Я понимал, конечно, как реформа может ударить по приходам, как вульгарно выглядит это заключение договоров со священниками, как нелепо предоставление старостам каких–то огромных полномочий… Но — тут есть и совершенно другая сторона. По моим тогдашним наблюдениям (мне было тогда, правда, всего двадцать шесть лет, и служил я в священном сане всего несколько лет; но я и до этого много лет прислуживал, работал в епархиальных управлениях и знал всю, как говорится, теневую сторону)[76], — когда настоятели были господами положения, это было ненамного лучше. Большинство из них не имели достаточно вкуса для того, чтобы украсить храм так, как надо. Храмы расписывались чудовищно. Мы сейчас говорим, что вот, староста не хочет и так далее… А когда не было этих старост, когда старосты были «седьмой спицей в колеснице» — настоятели творили, что хотели.
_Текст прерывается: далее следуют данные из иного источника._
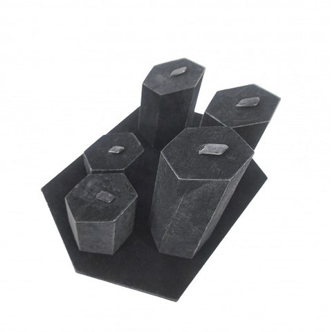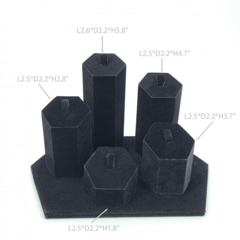 5 Piece Hexagon Ring Display Set is great to display your ring products on countertop. This display comes with a tabletop pad and 5 various sizes. You can configure it in a variety of ways. Platform measures 11x7.2. Tallest ring tower is 5.75 tall. Shortest tower is 1.9 tall. Tower is 2.5 wide.

Старики не понимали, что нужно, более молодые — тоже. Поэтому, если вы посмотрите все храмы Москвы — в большинстве своем вы увидите, что там, где не приложили руку светские органы защиты памятников или что–нибудь в этом роде, шла варварская мазня. В самом патриаршем Елоховском соборе стены до сих пор расписаны с немецких и французских гравюр прошлого столетия. И после этого говорят о православном искусстве, об иконописи и так далее! Замечательная церковь Николы в Хамовниках на Комсомольском проспекте, которая как игрушка смотрится, — внутри расписана тоже по образцам Гюстава Доре и Юлиуса Шнорра. Я не против Доре и Шнорра, но все должно быть на своем месте!
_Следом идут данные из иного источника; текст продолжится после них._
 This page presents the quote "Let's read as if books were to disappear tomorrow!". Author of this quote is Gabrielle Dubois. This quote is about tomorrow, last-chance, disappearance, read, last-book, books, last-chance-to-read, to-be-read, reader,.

Это показывает, что настоятели отнюдь не были идеальными управителями приходов. Многие из них бесконтрольно захватывали церковные кассы, и от этого происходили какие–то совершенно непристойные обогащения… В общем, все выглядело к тем годам нелучшим образом… Я думаю, что все здесь было как–то провиденциально… Когда я прислуживал мальчишкой, то в алтаре стоял такой ящик, сейф, куда клали рубли, — священник запускал туда эти рубли, швыряя как–то так, словно ему уже было все нипочем. Все было бесконтрольно, и временами мне, тогда совсем юному существу, казалось, что они превратили веру в фабрику по производству денег.
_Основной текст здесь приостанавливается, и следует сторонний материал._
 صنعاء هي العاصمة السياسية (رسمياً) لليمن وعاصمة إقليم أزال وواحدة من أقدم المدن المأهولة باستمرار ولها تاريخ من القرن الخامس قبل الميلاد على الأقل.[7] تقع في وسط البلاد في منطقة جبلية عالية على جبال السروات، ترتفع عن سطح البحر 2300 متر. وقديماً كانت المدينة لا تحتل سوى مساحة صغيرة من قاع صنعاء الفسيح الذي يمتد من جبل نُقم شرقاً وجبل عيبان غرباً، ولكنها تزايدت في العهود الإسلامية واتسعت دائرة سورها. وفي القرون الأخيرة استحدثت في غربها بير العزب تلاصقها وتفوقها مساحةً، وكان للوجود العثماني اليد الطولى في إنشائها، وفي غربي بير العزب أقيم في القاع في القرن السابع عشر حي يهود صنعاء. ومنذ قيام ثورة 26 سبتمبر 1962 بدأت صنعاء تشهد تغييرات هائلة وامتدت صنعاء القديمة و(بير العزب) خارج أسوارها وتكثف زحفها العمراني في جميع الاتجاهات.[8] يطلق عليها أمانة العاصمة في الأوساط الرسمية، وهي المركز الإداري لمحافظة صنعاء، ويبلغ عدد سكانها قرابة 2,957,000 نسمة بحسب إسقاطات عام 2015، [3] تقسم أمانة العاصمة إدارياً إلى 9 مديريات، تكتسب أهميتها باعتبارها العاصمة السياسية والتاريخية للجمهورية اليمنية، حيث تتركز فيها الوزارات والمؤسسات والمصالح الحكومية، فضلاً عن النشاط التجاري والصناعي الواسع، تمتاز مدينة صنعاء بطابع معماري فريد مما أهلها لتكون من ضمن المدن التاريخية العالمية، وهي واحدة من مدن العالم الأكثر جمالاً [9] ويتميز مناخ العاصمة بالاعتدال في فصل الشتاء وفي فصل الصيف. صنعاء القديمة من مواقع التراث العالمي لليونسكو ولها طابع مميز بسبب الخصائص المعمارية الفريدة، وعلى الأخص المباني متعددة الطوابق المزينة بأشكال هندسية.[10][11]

Слева направо: Вера Яковлевна Василевская, Ирина Якунина, Елена Семеновна с внуком Мишей, Варвара Фудель (дочь С. И. Фуделя), Александр и Нонна Борисовы, о. Александр с женой Наталией и дочкой Еленой у дома в Семхозе. 1961 г.
В первые годы после войны многие священники проводили в храмах циклы бесед — по Священной истории, по таинствам. Отец Андрей Расторгуев вел толкование Евангелия — отлично вел! Каждое воскресенье вечером он читал небольшие отрывки из Евангелия — последовательно, один за другим, и толковал. Толковал по Толковой Библии[77], которая выходила в издательстве «Странник» (одно из лучших толкований, которое у нас было). Говорил он прекрасно, внятно, все было хорошо. Отец Александр Смирнов[78] даже получил, благодаря своим связям с органами, разрешение поставить в Николо–Кузнецком храме экран, словно в кинотеатре, — и каждое воскресенье вечером показывал цветные диапозитивы и рассказывал Священную историю, толковал таинства; народу набивалось столько, что люди падали в обморок. Но это все было непосредственно после войны, примерно до 1950 года. А потом все стало сходить на нет. Старые священники стали умирать, а новые ничего этого уже не приняли. Но деньги брали — «гребли», как говорят в народе, — с таким же успехом.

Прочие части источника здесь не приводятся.